Data block:
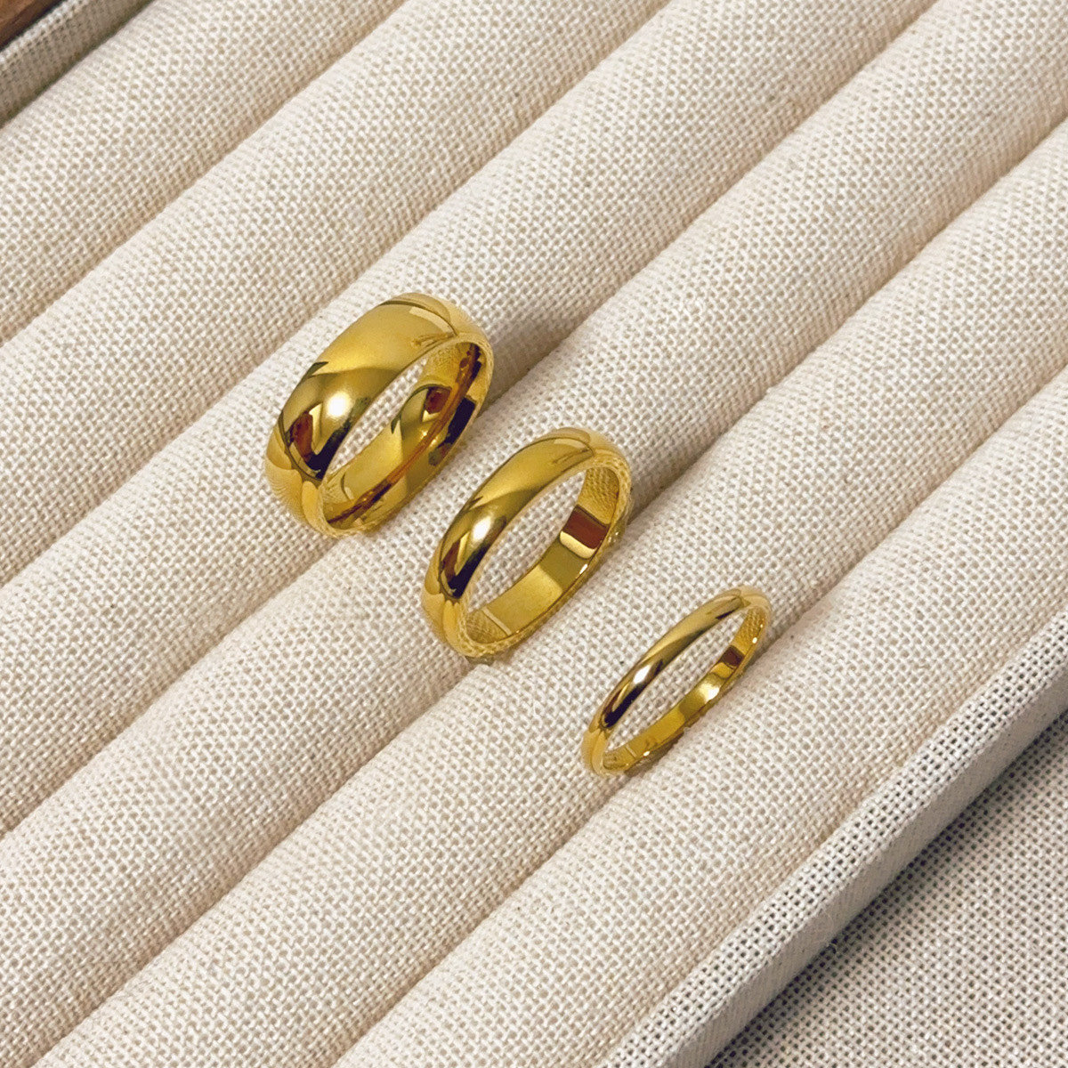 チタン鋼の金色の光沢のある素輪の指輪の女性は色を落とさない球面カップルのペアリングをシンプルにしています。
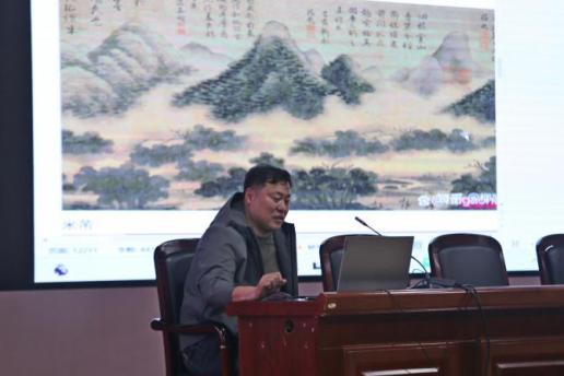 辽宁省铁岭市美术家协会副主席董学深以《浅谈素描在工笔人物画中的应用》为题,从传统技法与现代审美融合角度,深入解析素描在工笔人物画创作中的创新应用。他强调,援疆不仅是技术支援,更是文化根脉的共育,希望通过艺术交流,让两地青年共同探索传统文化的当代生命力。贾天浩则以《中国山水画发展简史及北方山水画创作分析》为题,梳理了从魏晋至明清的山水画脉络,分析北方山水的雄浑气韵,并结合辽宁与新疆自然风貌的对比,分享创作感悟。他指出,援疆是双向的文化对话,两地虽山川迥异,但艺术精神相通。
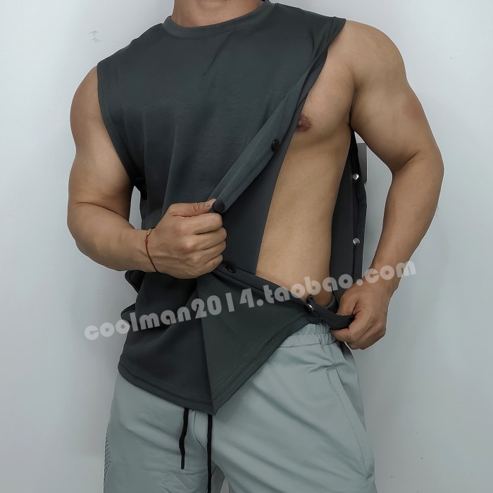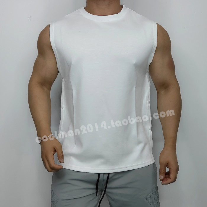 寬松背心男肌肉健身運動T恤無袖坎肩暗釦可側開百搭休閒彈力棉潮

Assignment:
Restate all of the material above word for word, excluding the pictures.

Response to the task:
 チタン鋼の金色の光沢のある素輪の指輪の女性は色を落とさない球面カップルのペアリングをシンプルにしています。
 辽宁省铁岭市美术家协会副主席董学深以《浅谈素描在工笔人物画中的应用》为题,从传统技法与现代审美融合角度,深入解析素描在工笔人物画创作中的创新应用。他强调,援疆不仅是技术支援,更是文化根脉的共育,希望通过艺术交流,让两地青年共同探索传统文化的当代生命力。贾天浩则以《中国山水画发展简史及北方山水画创作分析》为题,梳理了从魏晋至明清的山水画脉络,分析北方山水的雄浑气韵,并结合辽宁与新疆自然风貌的对比,分享创作感悟。他指出,援疆是双向的文化对话,两地虽山川迥异,但艺术精神相通。
 寬松背心男肌肉健身運動T恤無袖坎肩暗釦可側開百搭休閒彈力棉潮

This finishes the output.